Case Study No. 1: StoneX

April Morgan, SVP, Head of SCS Trade Controls and Operations, StoneX:

StoneX Commodity Solutions is an entity that's wholly owned by StoneX. And we're a bit unique in the marketplace. We're active in the commodity trade places around Ag, commodities and also soft commodities.

But what makes us unique is we're just not a trading company. We consider ourselves a service-based company where we are providing risk management and hedging services to our clients, merchandising logistics, services, and also offering working capital solutions for our clients. Partnering with our clients puts us in the middle of a lot of transactions where we are buying from suppliers and facing customers on the consumer side.

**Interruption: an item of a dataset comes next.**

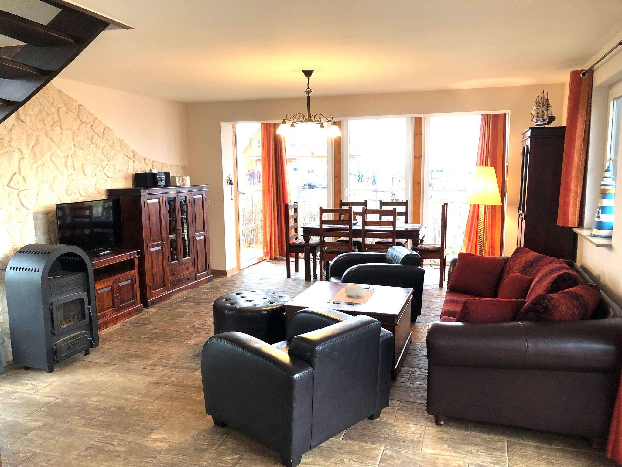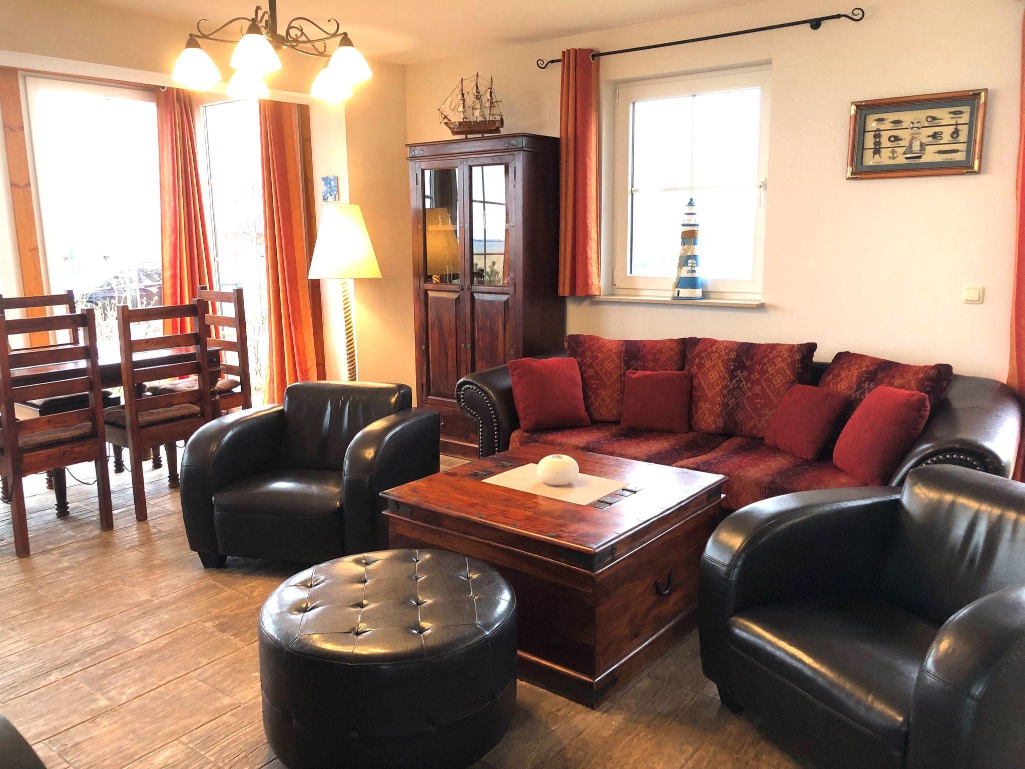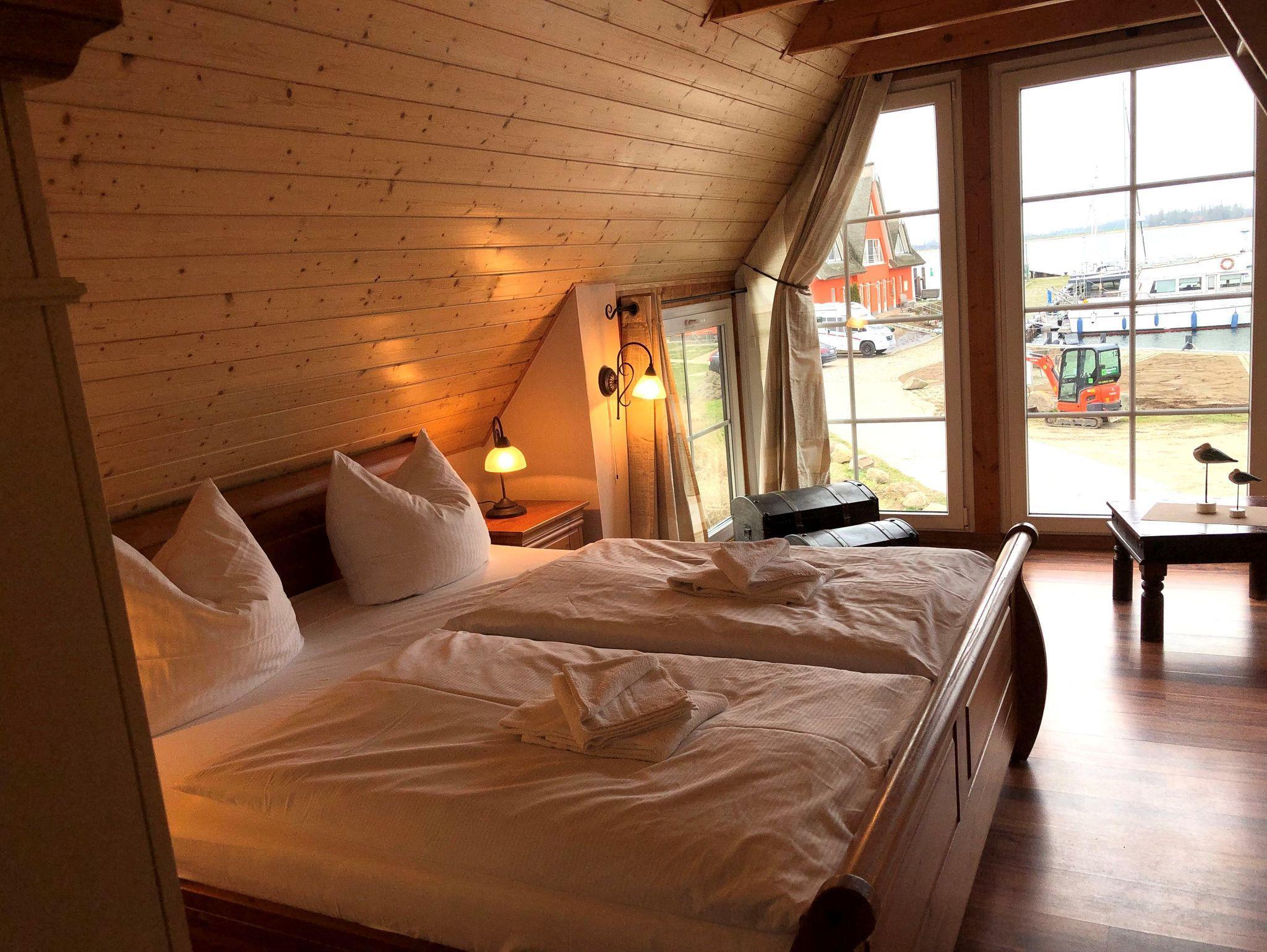 Unser Ferienhaus Seeschwalbe liegt in 1. Reihe am neuen Yachthafen Vieregge. Das Ferienhaus ist traditionell gebaut und ist sehr gemütlich eingerichtet. Besonders der Blick auf die Boddenlandschaft und den Hafen wird Sie begeistern. Im Erdgeschoss haben Sie einen großen Wohnbereich mit Sitzecke, Kaminofen und Essecke im Wintergarten, eine offene Landhausküche mit Kochinsel, kleinen Flur und eine Gästetoilette. Im oberen Geschoß befinden sich die 2 Schlafzimmer und ein Bad mit kleinem Whirlpool und kleiner Sauna, Dusche, WC und Waschplatz. Im seeseitigen großen Schlafzimmer befindet sich neben dem Doppelbett noch ein Hochbett welches die Kinder besonders lieben werden. Im zweiten Schlafzimmer befinden sich zwei Einzelbetten. Wir vermieten unser Ferienobjekt inklusive aller Verbrauchskosten, Reinigung sowie inklusive Bettwäsche und Handtücher, sodass Ihnen außer der rückzahlbaren Kaution keine zusätzlichen Kosten entstehen. Wir freuen uns auf Ihren Besuch!

Being a reseller puts us at a disadvantage because we do not have connections to assets at both the origination point and the destination point. We're really relying on our trade counterparties to provide us with the data that we need to get that into our system and then process those transactions through our system.

Because we do not have access to those systems, we receive an enormous amount of data through email. We get, on a daily basis, probably thousands of trade settlements coming through our inboxes. Three of our product lines are high volume, truck-focused, rail car-focused. Think about invoices, bills of lading, settlement statements coming in chunks of 25 trucks, 100 trucks, and you get the idea.

We receive data from destinations that give us settlement data, such as weights, grades, and so on. We need that data to process those shipments against our sales, and also to process those same shipments against our purchases, and inevitably pay those farmers for the grain we have purchased.

When we came to partner with ClearDox, our focus was getting this data into our system digitally. Historically, we have relied on a very capable and very detail-oriented operational team to manually enter all of these truck tickets into our system. This is a very laborious, repetitive process, which means we have to have the right people in those seats. They need to be accurate, they need to be efficient. But it also means taking those individuals away from focusing on risk mitigation for our business (focusing on problem solutions because they're really bogged down by the high volume of just data entry).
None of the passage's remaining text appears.